Abstract

The entry of calcium ions (Ca(2+)) through voltage-gated calcium channels is an essential step in the release of neurotransmitter at the presynaptic nerve terminal. Because the calcium channels are clustered at the release sites, the flux of Ca(2+) into the terminal inevitably removes the ion from the adjacent extracellular space, the synaptic cleft. We have used the large calyx-type synapse of the chick ciliary ganglion to test for synaptic cleft Ca(2+) depletion. The terminal was voltage clamped at a holding potential (V(H)) of -80 mV and a depolarizing pulse was applied to a range of potentials (-60 to +60 mV). The voltage pulse activated a sustained inward calcium current and was followed, on return of the membrane potential to V(H), by an inward calcium tail current. The amplitude of the tail current reflects both the number of open calcium channels at the end of the voltage pulse and the Ca(2+) electrochemical gradient. External barium was substituted for calcium as the charge-carrying ion because initial experiments demonstrated calcium-dependent inactivation of the presynaptic calcium channels. Tail current recruitment was compared in calyx nerve terminals that remained attached to the postsynaptic neuron and therefore retained a synaptic cleft, with terminals that had been fully isolated.
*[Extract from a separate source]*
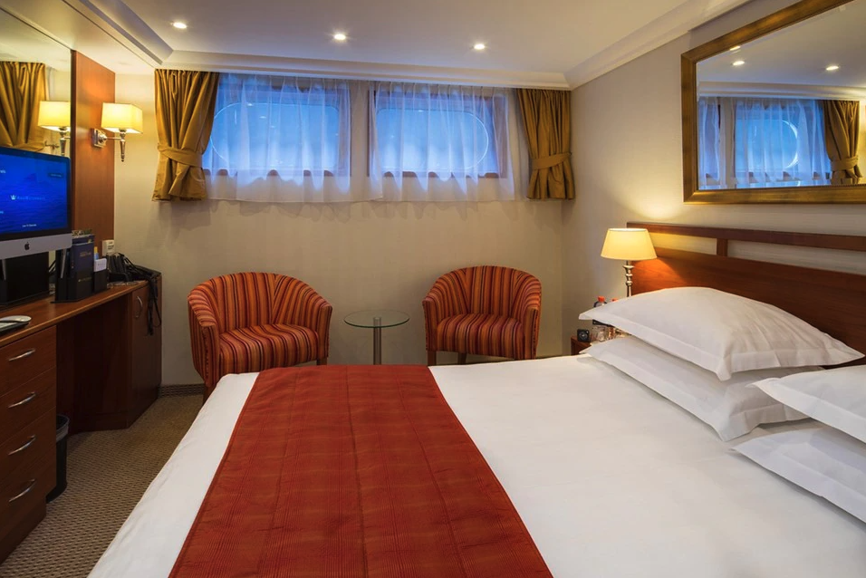 This versatile space hosts a bar, dance floor, plenty of comfortable couches and big windows on three sides and is used for everything from the morning port talks, daytime reading and chatting to scenic cruising, afternoon tea and evening entertainment.
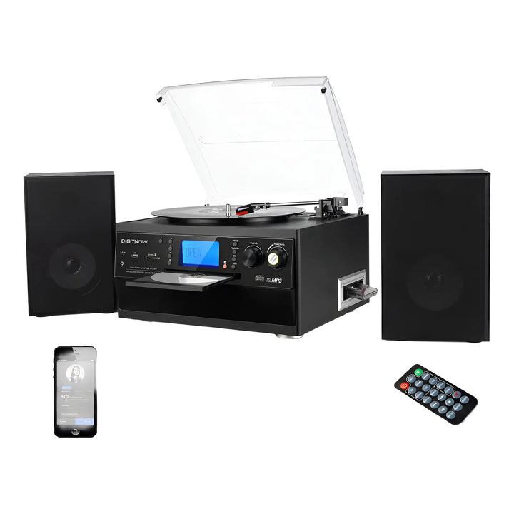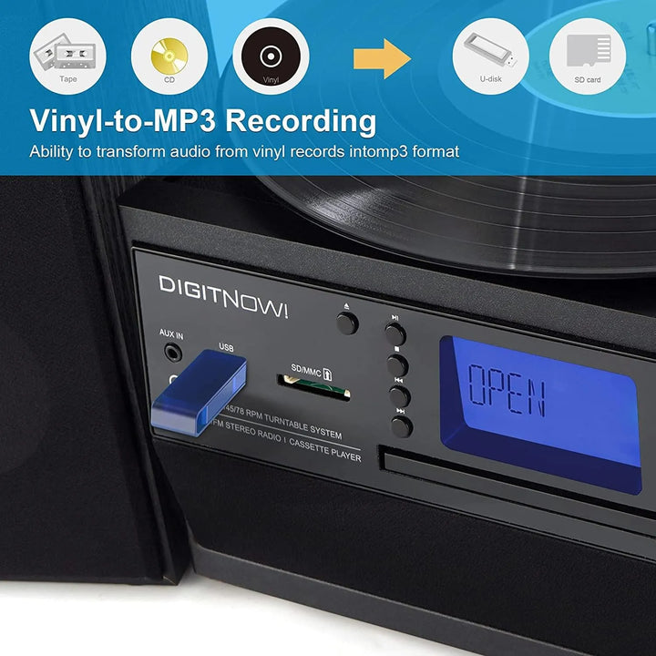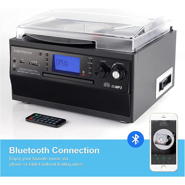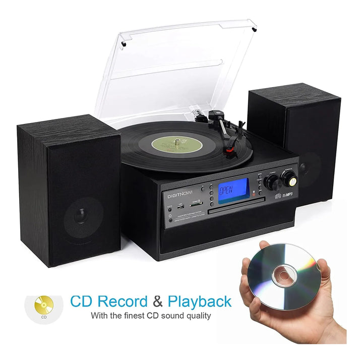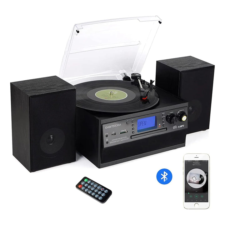 El tocadiscos Digitnow transforma tus vinilos en archivos MP3 mediante un proceso sencillo: coloca el disco en la plataforma, selecciona la velocidad (33, 45 o 78 RPM) y conecta una tarjeta USB o SD para grabar. El equipo se encarga del resto, garantizando un sonido claro y sin ruido. Además, su función Bluetooth te permite transmitir música desde tu teléfono o computadora, mientras que los altavoces desmontables ofrecen una experiencia auditiva personalizada.

In isolated terminals, the tail currents exhibited recruitment curves that could be fit by a Boltzmann distribution with a mean V(1/2) of 0.4 mV and a slope factor of 5.4. However, in attached calyces tail current recruitment was skewed to depolarized potentials with a mean V(1/2) of 11.9 mV and a slope factor of 12.0. The degree of skew of the recruitment curve in the attached calyces correlated with the amplitude of the inward current evoked by the step depolarization. The simplest interpretation of these findings is that during the depolarizing pulse Ba(2+) is removed from the synaptic cleft faster than it is replenished, thus reducing the tail current by reducing the driving force for ion entry. Ca(2+) depletion during presynaptic calcium channel activation is likely to be a general property of chemical transmission at fast synapses that sets a functional limit to the duration of sustained secretion. The synapse may have evolved to minimized cleft depletion by developing a calcium-efficient mechanism to gate transmitter release that requires the concurrent opening of only a few low conductance calcium channels.